Happy 2009! Can I still say that? Wow, sorry I have been in the basement a little too long. I have appreciated the encouragement via emails to get you a blog entry and I think I will proceed with that.
The job environment, the whole thing is kind of swirling with negativity and bad news. I would be lying if I told you that doesn't get to me some – however, I have the key, the solution, and the panacea for the downturn. Are you ready for the solution? I mean, really.
The answer in your life, in your career search, in your quest, is PEOPLE. You need to be talking, sharing, networking, and taking stock of the relationships in your life. You need PEOPLE and they need you. I mean, people who need people – aren't they supposed to be the luckiest people in the world? Sorry. Anyway, this fear that has many of you completely gripping needs to be vanquished with some networking and reassurance. Where do you get some of that? PEOPLE. You need some people in your life that will listen to you. Who are they? Can you list them?

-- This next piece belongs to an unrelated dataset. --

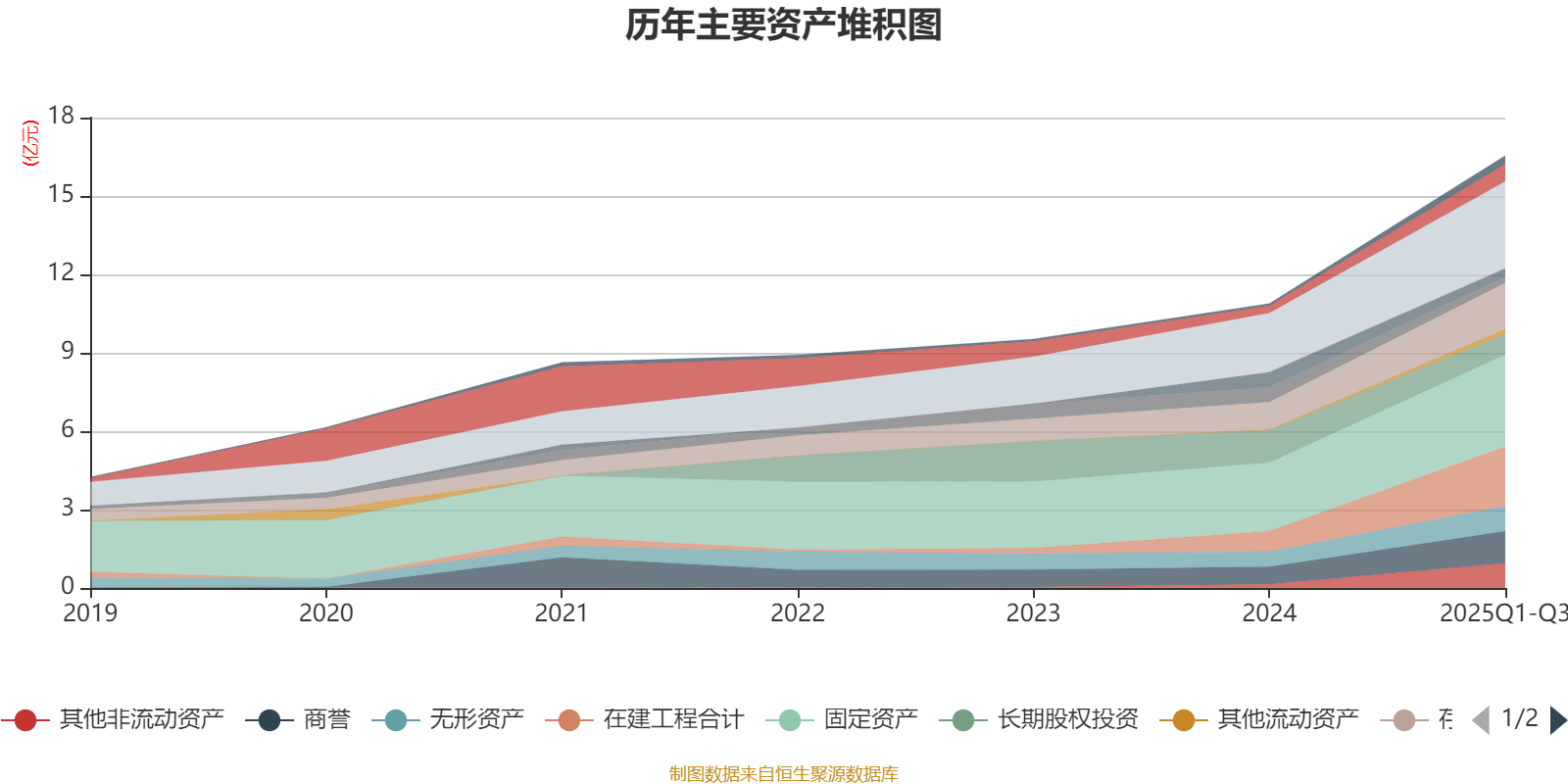 资产重大变化方面,截至2025年三季度末,公司长期股权投资较上年末减少36.82%,占公司总资产比重下降6.68个百分点;在建工程合计较上年末增加188.93%,占公司总资产比重上升6.49个百分点;其他非流动资产较上年末增加577.8%,占公司总资产比重上升4.43个百分点;应收款项融资较上年末减少59.62%,占公司总资产比重下降3.89个百分点。

Some of you need to get some new customers. The relationships that have dried up – let's make more. This is not a time sit on your ass. So if you are in sales or looking for a career move, perhaps it is not only PEOPLE but PROSPECTING. I know I need to be careful not to sound parental but let me digress and I think it is time for a new paragraph.
Many of us make the mistake that PEOPLE care. Some PEOPLE do. Some PEOPLE don't. Again, who are they? Before we launch into some fear gripping, economy sucking, my career is tanking, what about my credit rating conversation – let's ask ourselves – does this person really care? Shouldn't you know that. Shouldn't the level of concern you want the intended listener to possess be in direct relationship with the transparency of the bitching? Many of you are looking for compassion and empathy in your sales call or on the job search. And yes, I have made this mistake before. Does your customer really care about YOUR lack of production? Probably not.
Does the HR generalist care that you are desperate for a gig? No – she has a job. FYI – you can bitch to HR about your premiums going up once you are employed but don't bitch that you have to complete an application, even though you are an exempt six figure dude or she won't give you the chance to bitch about your premiums going up. She just won't.
I am not even sure where this blog started or what it became but I came here, I said it, you read it. Dare, I say – I think you may also want to PRAY in this time. Not that – please – geez – how about this nugget of wisdom? Christ said in the book of John – "…in this world you will have trouble" – wow – no kidding, eh? My point is – perhaps as you navigate the tough times - start with some PRAYER or whatever you call it, maybe for the strength to do some PROSPECTING for better relationships, the right PEOPLE, whatever PEOPLE you need. The right PEOPLE are the key for you and me in this marketplace and any marketplace. So go find them.






I like it, Andy. You call for discernment. Some people care and some people don’t. The question is, who cares and who doesn’t? Even with enough discernment to know who cares and who doesn’t, the issue of how to engage these two groups of people remains. One key to engagement: respect.
Although it seems that we’d all love for the business-y people in our lives to be the kind that care, that’s not the way things are. Truthfully, the majority of people that you or I come into contact with in the course of a business day DON’T care. They simply don’t. This isn’t wrong. It’s not selfish. The fact is that they don’t have the time; they don’t have the energy. They have kids that have basketball and a house with a mortgage. They have a car with a payment. They have a job that they have to do. They have friends and family. They have lives, too.
The people that have even an ounce of care–those are the ones that can hurt: although they care right now, talk too much, call too much, email too much, or are markedly unprofessional…and suddenly they DON’T.
See, the people who don’t care, couldn’t care less. People who don’t care are at zero on the “concern-scale” and can’t go negative. They just won’t return calls. If an inappropriate voicemail is left for people who don’t care, they can still swing into the other side of the scale: the “irritation-scale.” More likely, they just won’t return a call.
On the other hand, the people who do care can and probably will care less if they’re bothered, abused, or otherwise harassed and exploited. When a person is treated unprofessionally, the “unprofessional person” becomes a liability. Even friends have to consider their own livelihood. Why would I refer an acquaintance if he or she badmouths an old employer to me? If that acquaintance does that in the interview, not only is my acquaintance a liability, but suddenly I might be too. (As an aside, the people who don’t follow the pattern of caring less are known as “saints.” They actually care more. If you know one, spend as much time as you can with him or her.)
Finally, Andy, you’re point about Christ…I dig it. “In this world you will have trouble…” For sure. The question is, How will I respond? How will you respond? And will we be respectful of people, whether they care or not? Will they be listening to our response at the end of the day, whether on voicemail or at dinner? I hope so.